◆ **TASK DETAILS**: Could you output each line below exactly as it appears, excluding any pictures?

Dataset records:
+ + + + + + +

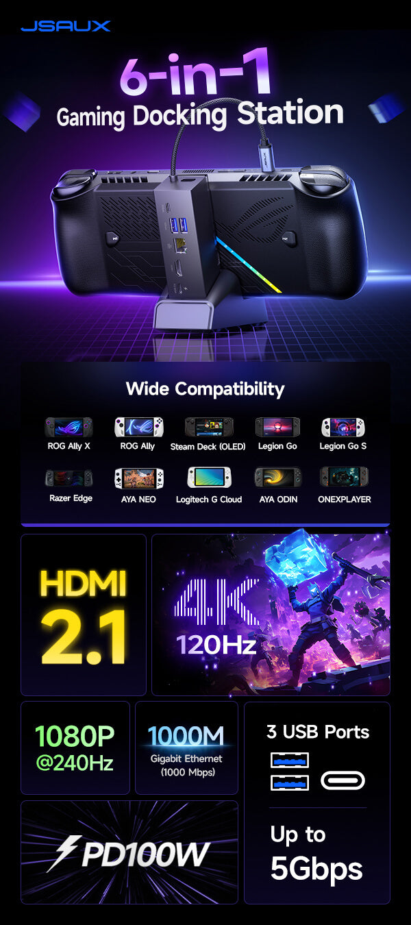 - 【6-in-1 Docking Station for Handheld】Experience enhanced gaming with 4K@120Hz HDMI output, Gigabit Ethernet, USB C PD charging, USB C 3.2 Gen 1, and dual USB A 3.2 Gen 1 ports
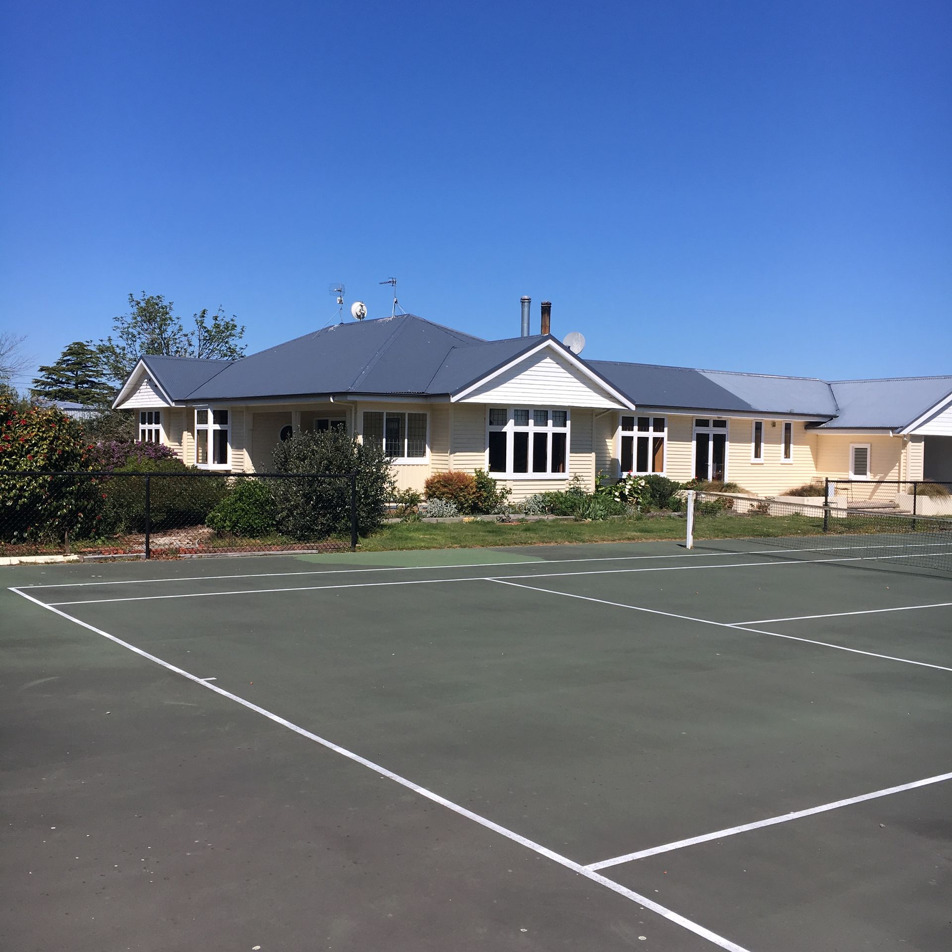 Great outside living with a veranda, a paved area and even a tennis court.
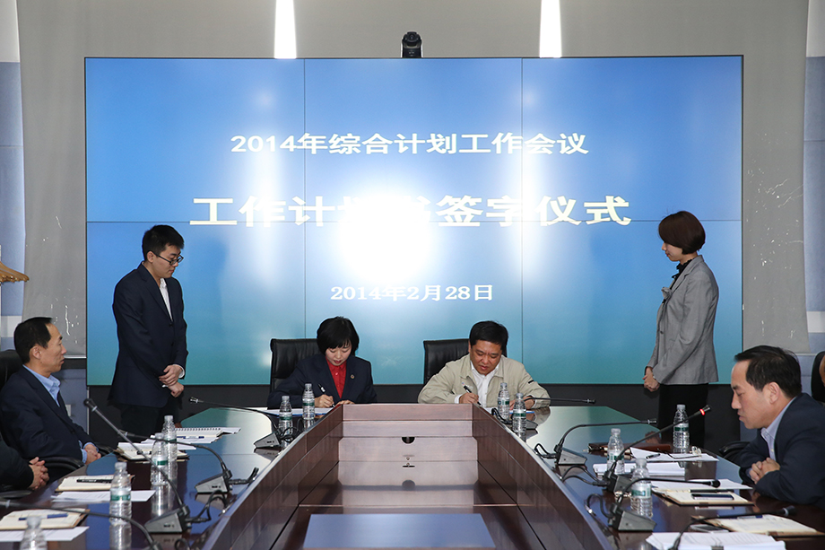2014年2月28日,776net必赢官网在集团公司17楼1号会议室召开2014年综合计划工作会议。776net必赢官网董事长、总经理郭宇代表公司与各事业部、职能部门负责人签订《2014年工作计划书》。776net必赢官网副总经理张立伟主持会议。776net必赢官网副总经理董银柱、杨庆利,总会计师王惠荣出席会议。776net必赢官网各事业部总经理、副总经理、计划经理及各部部长、副部长、处长等参加会议。
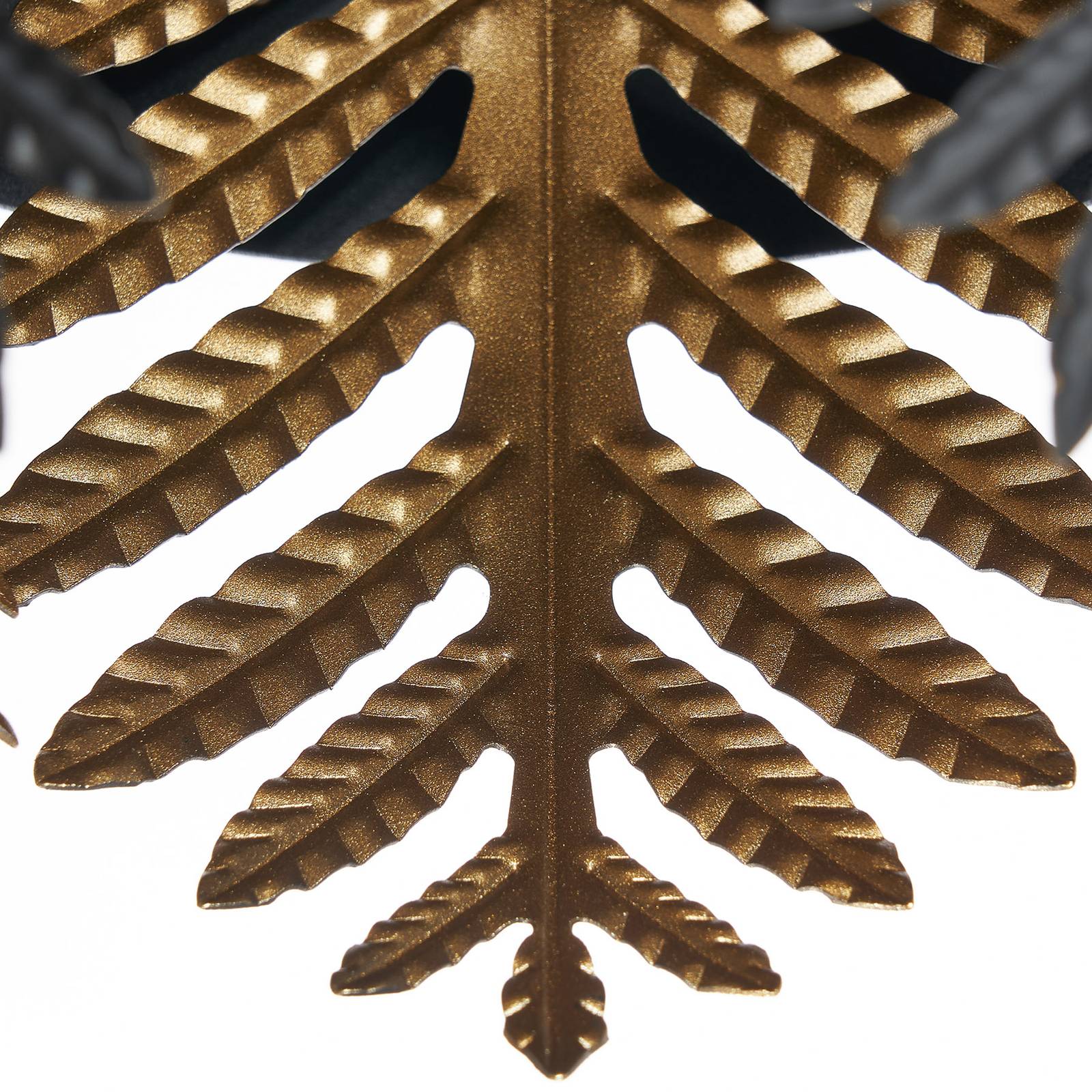 Lampada a sospensione Aparas a 2 luci con attraente decorazione a foglie, design esclusivo Aparas è una lampada a sospensione ideale per essere utilizzata sopra un tavolo da pranzo. È a 2 luci e i due paralumi assomigliano a una semisfera nella parte superiore, mentre le foglie di felce in metallo formano l'estremità nella parte inferiore, creando un grande aspetto e un disegno di luce molto attraente. L'apparecchio è caratterizzato da un design speciale e unico e i paralumi sono dorati all'interno, cosa che vale la pena di vedere e che influisce sull'effetto luminoso e aggiunge una nota calda. Il cavo in tessuto completa l'aspetto in un sorprendente colore nero.
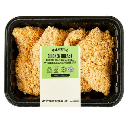 Marketside Chicken Breast Breaded and Seasoned with Dijon and Parmesan make for a delicious dinner that's ready to go in a flash. These ready to cook seasoned chicken breasts are easy to prepare in the oven for 15-20 minutes, or in the air fryer for 16-18 ...
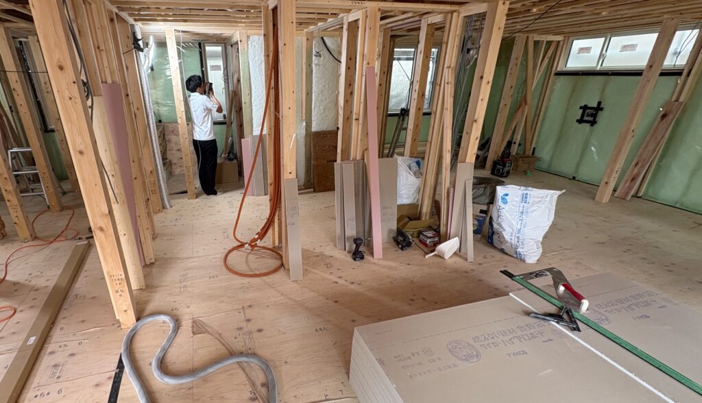 その上から石膏ボードを施工していくことで、断熱・気密・耐火の三拍子そろった壁になるんです🎵

+ + + + + + +

◆ **SOLUTION TO THIS TASK**:
 - 【6-in-1 Docking Station for Handheld】Experience enhanced gaming with 4K@120Hz HDMI output, Gigabit Ethernet, USB C PD charging, USB C 3.2 Gen 1, and dual USB A 3.2 Gen 1 ports
 Great outside living with a veranda, a paved area and even a tennis court.
2014年2月28日,776net必赢官网在集团公司17楼1号会议室召开2014年综合计划工作会议。776net必赢官网董事长、总经理郭宇代表公司与各事业部、职能部门负责人签订《2014年工作计划书》。776net必赢官网副总经理张立伟主持会议。776net必赢官网副总经理董银柱、杨庆利,总会计师王惠荣出席会议。776net必赢官网各事业部总经理、副总经理、计划经理及各部部长、副部长、处长等参加会议。
 Lampada a sospensione Aparas a 2 luci con attraente decorazione a foglie, design esclusivo Aparas è una lampada a sospensione ideale per essere utilizzata sopra un tavolo da pranzo. È a 2 luci e i due paralumi assomigliano a una semisfera nella parte superiore, mentre le foglie di felce in metallo formano l'estremità nella parte inferiore, creando un grande aspetto e un disegno di luce molto attraente. L'apparecchio è caratterizzato da un design speciale e unico e i paralumi sono dorati all'interno, cosa che vale la pena di vedere e che influisce sull'effetto luminoso e aggiunge una nota calda. Il cavo in tessuto completa l'aspetto in un sorprendente colore nero.
 Marketside Chicken Breast Breaded and Seasoned with Dijon and Parmesan make for a delicious dinner that's ready to go in a flash. These ready to cook seasoned chicken breasts are easy to prepare in the oven for 15-20 minutes, or in the air fryer for 16-18 ...
 その上から石膏ボードを施工していくことで、断熱・気密・耐火の三拍子そろった壁になるんです🎵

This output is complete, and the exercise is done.